Wild Ends 11-Year Playoff Drought, Beats Stars to Win Series
Quinn Hughes scored twice as Minnesota finally broke through, beating Dallas 5-2 in Game 6 and ending an 11-year playoff drought.

Minnesota’s long playoff wait ended at Grand Casino Arena, where Quinn Hughes scored twice and added an assist to push the Wild past the Dallas Stars 5-2 in Game 6 and clinch the series 4-2. The win gave Minnesota its first postseason series victory since 2015 and sent the Wild into the second round for the first time in 11 years.
This was more than a single night of relief. Minnesota had lost nine straight series before this one, and Dallas had been the hurdle twice already, knocking the Wild out in 2016 and again in 2023. Breaking through against the same opponent carried the weight of closure, and it reset the conversation around a franchise that had spent too many springs explaining why it could not finish.

The game itself turned in the third period after Minnesota held a 2-2 tie and then pulled away late. Matt Boldy added two empty-net goals to close it out, and Jesper Wallstedt steadied the net with 21 saves in ESPN’s box score, 22 in AP follow-up coverage.

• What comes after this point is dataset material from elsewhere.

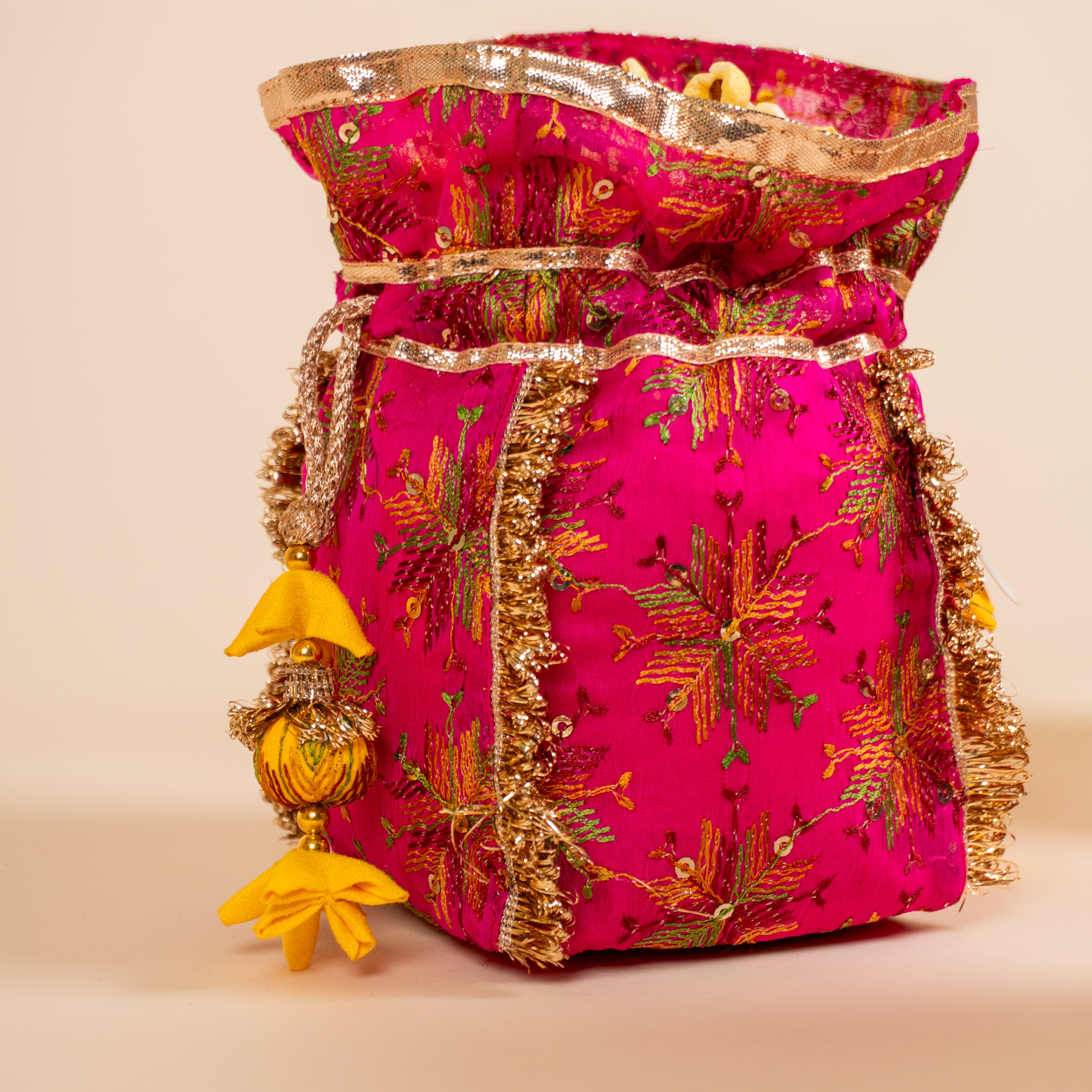 Material: Multicolour Phulkari fabric with silk rose gold trims and contrasting tassel.
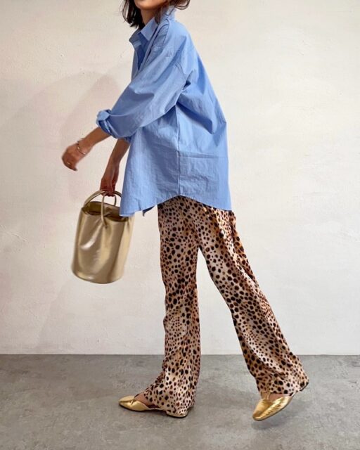 これは洋服だけではなくバッグなど小物でも同じ。ゴールドの靴はレオパード特有の華やかさと相性がよく、コーデの完成度がグッと高まる組み合わせです。

Wallstedt said he noticed a fan crying in the stands after Minnesota scored its fourth goal, a moment that captured how much the result meant to a fan base that had lived through the drought.
For John Hynes’ club, the victory suggested more than a cathartic finish. Minnesota showed it could take a tight series against a familiar opponent and keep its composure when the pressure peaked. That matters for a team that has often looked good enough in the regular season without proving it could survive the grind that follows. Hughes’ two-goal night supplied the top-end production, Boldy finished the job, and Wallstedt kept Dallas from turning the game back the other way.

The next test comes quickly, and it is a harder one. Minnesota will face the Colorado Avalanche, the Presidents’ Trophy winner, in the second round. Colorado had already advanced after sweeping the Los Angeles Kings 5-1 in Game 4 on Sunday and enters with extra rest, time to scout and a different level of firepower led by Nathan MacKinnon. For the Wild, the series win does not settle the larger question of ceiling, but it does answer the most basic one: Minnesota can still rise above its past when the moment demands it.